Ao final do seguimento, observou-se que a medidas a cada 12 semanas foram não inferiores a cada 4 semanas. Contudo, cabe frisar alguns pontos:
- O estudo se deu em contexto de usuário de clínica de anticoagulação, com apenas 250 pacientes e em um único centro no Canadá
- Apesar de só terem o TP avaliado a cada 12 semanas, os pacientes eram avaliados mensalmente pela clínica de coagulação para coleta de ‘TP’ placebo e era reforçada a aderência medicamentosa.
- Há necessidade de estudos com maior volume de paciente para se avaliar em um cenário mais abrangente a real segurança dessa estratégia
MENSAGENS:
- A eficácia e segurança do uso da varfarina dependem do tempo em que o doente está na faixa terapêutica definida.
- Uma vez optado pelo uso da varfarina como anticoagulante, busque, incansavelmente, manter o TTR acima de 65-70%.
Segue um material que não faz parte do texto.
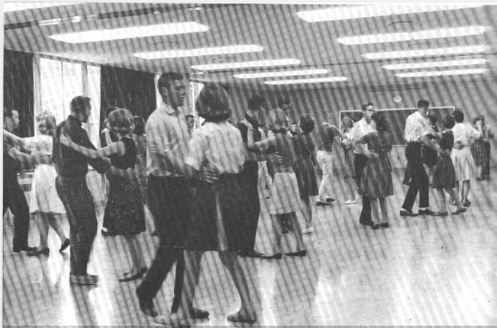
This room, one of the most spacious in the Student Commons, is adaptable to a variety of functions, such as lectures, conferences and demonstrations. On this occasion freshman and sophomore students were receiving social dance instruction in a physical education course.

- Medidas em intervalos maiores do que 30-42 dias não foram testadas na grande maioria dos estudos clínicos e, por isso, devemos ter esses intervalos como uma referência na hora de considerar intervalo máximo de medidas entre o TP. Intervalo maior de checagem entre os TPs ainda precisam ser melhor avaliados por estudos clínicos, mas certamente serão restritos a doentes com inequívoca estabilidade do TP, ou seja, valores repetidamente na faixa por longos períodos de tempo sem necessidade de mudança de dose.
- Busque em sua rotina maneiras de facilitar o controle do TP por parte do seu paciente, seja através de monitorização telefônica, via mensagens de texto, email, dentre outras.
- A depender do poder aquisitivo de seu doente e da facilidade/dificuldade em dirigir-se a algum laboratório, avalie a possibilidade de aquisição de aparelho portátil para medida do INR. Muitos aparelhos já foram testados em grandes estudos e, de uma maneira geral, se mostram equivalentes a dosagem sérica do TP.
- Nos pacientes de maior risco trombótico e também naqueles de maior risco de sangramento, uma monitorização mais frequente ( 15 dias ou menos) poderá ser necessária!
- Revise rotineiramente as orientações em relação a alimentação, interação medicamentosa e uso de álcool.